Multi-processor Scheduling
Objectives
We would like to :
- Discuss the impact of multiple cores/processors on scheduling.
Notes
- SMP - Symmetric Multiprocessor
- All cores/processors have equal access to all memory
- But each processor has a dedicated cache.
- But they also use this for Symmetric Multiprocessing.
- NUMA - Non Uniform Memory Access
- Each processor/group of processors has a memory
- Each processor has dedicated cache.
- Moving processes on these different architectures have different costs.
- Staying on a core is best.
- Staying on a processor is good
- Moving between processors becomes expensive, with the cost depending on the architecture.
- A first thought:
- Dedicate one thread of execution to the kernel
- But this can lead to bottlenecks and slowdowns.
- And it is not very efficient.
- So then, what do we do about scheduling?
- Have a single queue, and the next selected process goes on the next available core?
- Have a per-core queue
- In general, a critical section leads to inefficiency.
- Removing a process from the queue would be critical.
- As would placing a new process on the queue.
- In the single queue case, this is expensive.
- So choice A is not good.
- In addition, choice A does not promote processor affinity.
- Choice B, however, leads to balance issues
- One core can become lightly loaded while others are heavily loaded.
- The author proposes two solutions to load balancing
- Push migration: a periodic task reblanaces the load among processors/cores.
- Pull migration: an idle core searches for processes to run.
- The author notes that some OS's do both.
- Hardware thread scheduling is covered in 5.5.2
- Hardware manufacturers have built mechanisms to allow hardware to handle multiple threads per core.
- This is from studies indicating burst patterns
- The core can support quickly swapping several threads
- This is done by the hardware, not the OS.
- On a system with n cores, the OS believes there are 2n (or even larger multiples) cores.
- The OS schedules a thread on each core, then the hardware schedules between the the 2 threads on a single core.
- But if the OS is aware of the hardware scheduling algorithm it can make some decisions to improve performance
- Be aware that for CPU bound applications, hyper-threading can be slower.
- Processor Affinity
- If a scheduler trys to keep threads on the same processor, but will allow migration, this is called dsoft affinity
- If it does not allow absolute migration, but only within a processor it is called hard affinity.
- Apparently linux will support either.
- Affinity is very important in NUMA applications
- Apparently there is real conflict between load balancing and processor affinity.
- The author states "Thus scheduling algorithms for modern multicore NUMA systems have become quite complex."
- The last issue they introduce here is heterogeneous multiprocessing
- My phone has a 2x2.2 GHz Cortex A-76 and a 6x2.0 GHz Cortex-A55) CPU.

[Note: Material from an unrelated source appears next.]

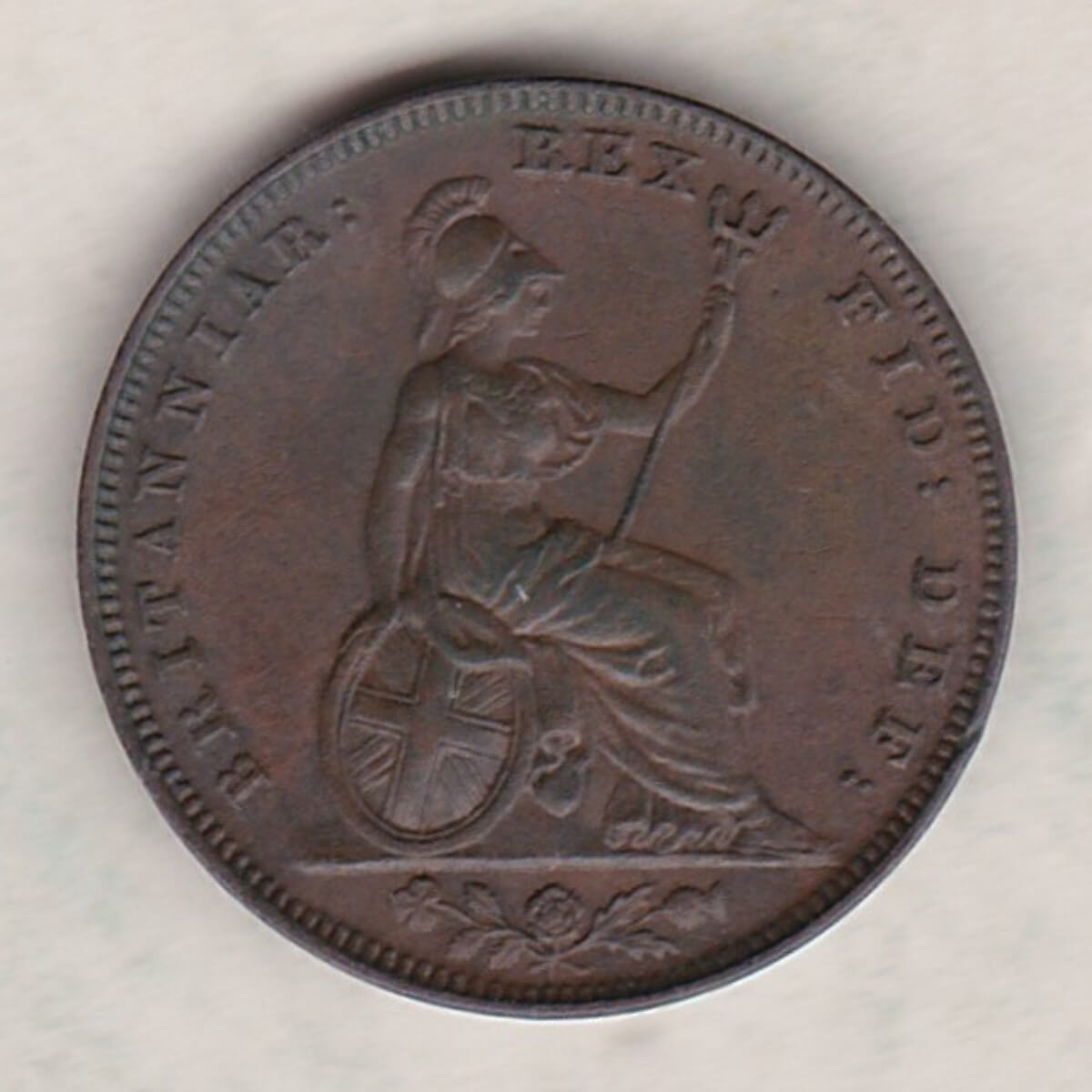 1828 King George IV Copper Farthing Coin In Extremely Fine Or Better Condition.

- These are both ARM processors
- But have different cache sizes.
- And apparently different pipeline characteristics.
- The A-55 is slow but low energy
- The A-76 is fast by high energy.
- The scheduler is (hopefully) aware of this and will run
- Low priority, long term tasks on the A-55
- High priority, short term tasks on the A-76
- And can work without the A-76 if we need to preserve power.